By analyzing the different phenotypes of two Chinese DFNA9 families with the same mutation located in the intervening region between the LCCL and vWFA domains of cochlin and testing the functional changes in the mutant cochlin, we investigated the different pathogeneses for mutations in LCCL and vWFA domains.

Methods

Targeted next-generation sequencing for deafness-related genes was used to identify the mutation in the proband in family #208. The probands of family #208 and family #32 with the same p.C162Y mutation were followed for more than 3 years to evaluate the progression of hearing loss and vestibular dysfunction using pure-tone audiometry, caloric testing, electrocochleogram, vestibular-evoked myogenic potential, and video head-impulse test.
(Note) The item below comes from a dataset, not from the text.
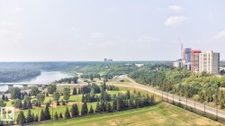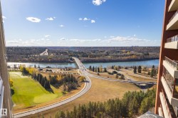 A SPECTACULAR RIVER VALLEY LOCATION! Put this 15th-floor condo on your “Most Wanted List”...it checks all the boxes! This CORNER unit features 1 bed + den, 1 bathroom, and picture windows showcasing INCREDIBLE VIEWS from every room. The UPGRADED KITCHEN offers an abundance of cabinetry with under-cabinet and in-cabinet lighting, plenty of counter space and opens to a bright dining area...perfect for entertaining! The space is filled with NATURAL LIGHT, making the spacious living room the ideal spot to relax or step onto the balcony to take in the BREATHTAKING River Valley scenery. Down the hall are two GENEROUS bedrooms with large closets and a well-appointed 4-piece bath. Complete with in-suite storage, A/C, U/G parking, and all the AMENITIES! The Athabascan is located around the bend from the highly sought after High Street where you can enjoy a plethora of unique shops and places to dine or simply just walk out your door for a coffee, gelato and sweet treats! Can't forget HEAT and ELECTRICITY INCLUDED!
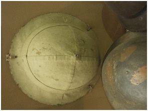 The standard paint colour used in 1940 was a light to medium green. The green colour paint used on the first South African armoured cars, is seen on one of the original helmets shown on the inside back cover of this issue. This paint colour was found and matched during the restoration of the South African Armoured Reconnaissance Car Mk 1 (Ford) carried out at the Ditsong National Museum of Military History in 1990. An unfinished helmet in the same colour was also discovered in the Museum store, suggesting a more widespread use. It is not known if all of the original 60 000 pressed helmets were painted in this colour though it seems probable. After spray-painting, the helmets were sent to Jager Rand Ltd for the fitting of the liners.

The disruption of normal cleavage to produce secreted LCCL domain fragments and the tendency to form aggregations of mutant cochlins were tested by in vitro cell experiments.

Results

The two families showed different clinical symptoms. Family #32 was identified as having early-onset, progressive sensorineural hearing loss, similar to the symptoms in DFNA9 patients with cochlin mutations in the vWFA domain. The proband of family #208 endured late-onset recurrent paroxysmal vertigo attacks and progressively deteriorating hearing, similar to symptoms in those with cochlin mutations in the LCCL domain. We therefore suggest that the disrupted cleavage of the LCCL domain fragment is likely to cause vestibular dysfunction, and aggregation of mutant cochlin caused by mutations in the vWFA domain is responsible for early-onset hearing loss. The p.C162Y mutation causes either disruption of LCCL domain fragment cleavage or aggregation of mutant cochlin, resulting in the different phenotypes in the two families.

Conclusion

This study demonstrates that DFNA9 families with the same genotype may have significantly different phenotypes. The mutation site in cochlin is related to the pathological mechanism underlying the different phenotypes.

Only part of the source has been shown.